Combination of revascularization and aerobic exercise versus aerobic exercise alone

Six randomized trials (including 4 extended-timepoint evaluations) evaluated the combination of LER and ET versus ET alone. For all the assessed outcomes, with there was 1 relatively higher-quality study for the 6-month to 12-month and 12-month to 18-month follow-up timepoints, with generally concordant lower-quality studies supporting these trends (Table 7). At these timepoints, the combination of therapies was favored over ET alone, with an average net percent benefit of 156% (as measured by ETT; 1 higher-quality trial) (Supplemental Tables 15 to 17). Long-term outcomes were informed only by relatively lower-quality studies that still favored the combination of therapies over ET alone.

Table 7

Comparison of Randomized Controlled Trials Evaluating the Combination of Lower Extremity Revascularization With Aerobic Exercise Therapy Versus Aerobic Exercise Therapy Alone

Intervention	Control	Outcome	<6 Months	6–12 Months	12–18 Months	>18 Months
LER + exercise	Exercise alone	Peak walking performance
Direction of benefit			—	↑	↑	↑
Strength of evidence (number of higher- vs. lower-quality studies)			—	B (1 vs. 2)	B (1 vs. 3)	C (0 vs. 2)
LER + exercise	Exercise alone	Claudication onset
Direction of benefit			—	↑	↑	⊘
Strength of evidence (number of higher- vs. lower-quality studies)			—	C (1 vs. 1)	B (1 vs. 2)	E (0 vs. 2)
LER + exercise	Exercise alone	Need for post-randomization revascularization
Direction of benefit			—	—	↑	↑
Strength of evidence (number of higher- vs. lower-quality studies)			—	—	B (1 vs. 1)	D (0 vs. 1)
LER + exercise	Exercise alone	SF-36, SF-12
Direction of benefit			—	↑	↑	⊘
Strength of evidence (number of higher- vs. lower-quality studies)			—	B (1 vs. 1)	B (1 vs. 1)	E (0 vs. 2)
LER + exercise	Exercise alone	Walking Impairment Questionnaire
Direction of benefit			—	—	—	—
Strength of evidence (number of higher- vs. lower-quality studies)			—	—	—	—
LER + exercise	Exercise alone	VascuQOL
Direction of benefit			—	↑	↑	↑
Strength of evidence (number of higher- vs. lower-quality studies)			—	C (1 vs. 1)	B (1 vs. 1)	D (0 vs. 1)
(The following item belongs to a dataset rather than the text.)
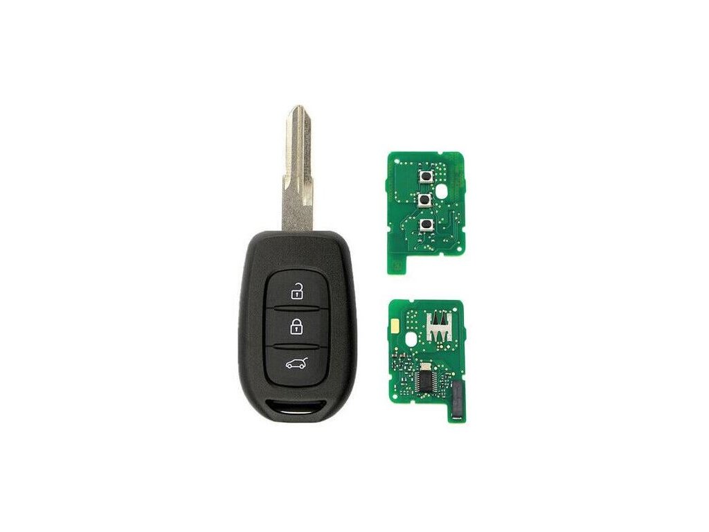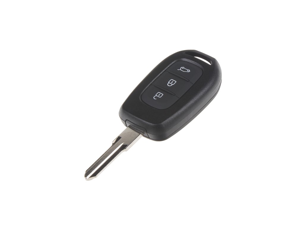 Náhradní klíč s dálkovým ovladačem pro vozy Dacia. Součástí klíče je planžeta klíče, dálkové ovládání centrálního zamykání se dvěmi tlačítky (čip PCF7961M).

Follow-up time periods included <6 months, 6 to 12 months, 12 to 18 months, and long-term follow-up extending beyond 18 months. ↑ indicated that results favored the intervention, ↓ indicated that results favored the control, ↔ indicated that results were neutral and favored neither the intervention nor the control, and ⊘ indicated equivocal results and cannot be determined because of conflicting results among studies. Three articles contributed to the data shown in this table.

LER = lower extremity revascularization, SF-12 = Medical Outcomes Short Form–12; SF-36 = Medical Outcomes Short Form–36; VascuQOL = vascular quality of life assessment.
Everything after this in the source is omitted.